Firstly I cannot believe that one of the major issues of the London Mayoral elections will be bendy buses. The London mayoral elections are the second biggest direct UK election after the general election & the biggest direct English election. 
What do people have against bendy buses I think they are fantastic. I fear that politics are becoming more & more personality lead & less issue lead. I do not care if the person I vote for has the personality of a grumpy great white shark in a feeding frenzy, as long as their policies are good for the greater mass of the electorate.


----------



## FridgeMagnet (Mar 19, 2008)

Matt S said:


> Perhaps people who live in London permanently sometimes find it hard to see the difference, but as someone who lived in London for 18 years, then moved out and comes back occasionally, the buses are clearly clearly better. They just are.
> 
> Matt



Yes. Definitely. I was shocked when I came back to London after a couple of years how much they'd improved (and congestion was noticeably less, too).

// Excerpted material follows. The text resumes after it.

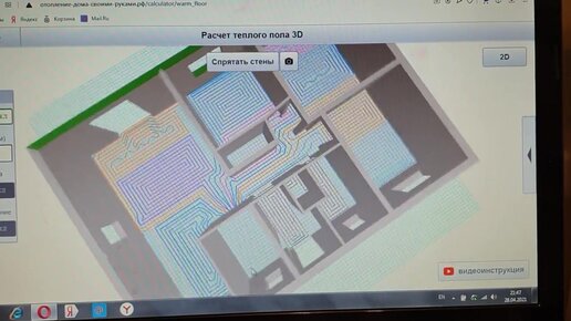 48. Схема раскладки труб тёплого пола в одноэтажном доме 100м2
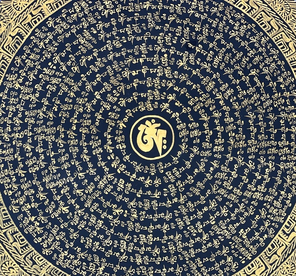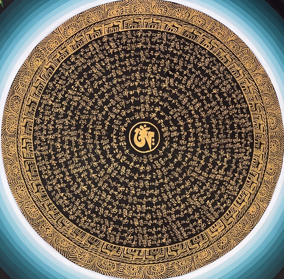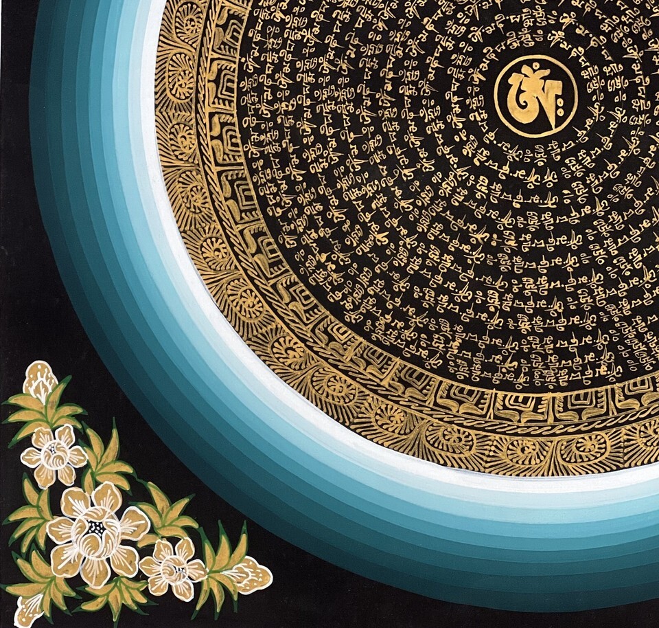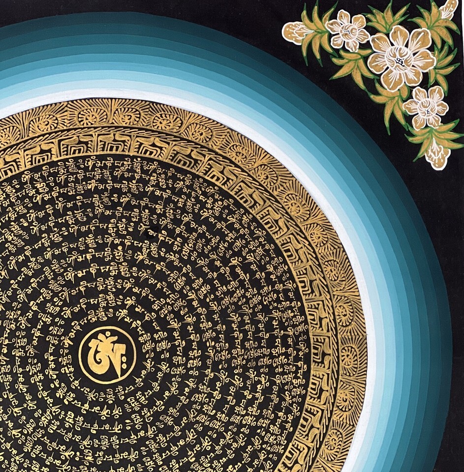This is an original hand painted Om Mani Padme Hum Mantra Mandala Tibetan Thangka painting. This thangka painting is a sacred and intricate piece of Tibetan Buddhist art that beautifully combines spiritual symbolism with artistic craftsmanship. This exquisite thangka features a vibrant and meticulously detailed mandala at its center, adorned with the powerful mantra "Om Mani Padme Hum" written in ancient Tibetan script.

This is actually the first time I've seen or heard someone say they've not.


----------



## Badgers (Mar 19, 2008)

I can see the world laughing at us again if he wins....


----------



## ChrisFilter (Mar 19, 2008)

Mitre10 said:


> Its democracy if Boris wins.
> 
> You think its selfishness because they don't agree with your point of view.



I think it's selfishness because their ignorant reasons for voting Boris are because it takes too long for them to drive from Fulham to Farringdon and don't feel they should have to pay a congestion charge when congestion still exists. They seem to think that as a righteous Tory, Boris will bring benefits to the posh such as this.

So no, i think their motivations are selfish because they are indeed selfish.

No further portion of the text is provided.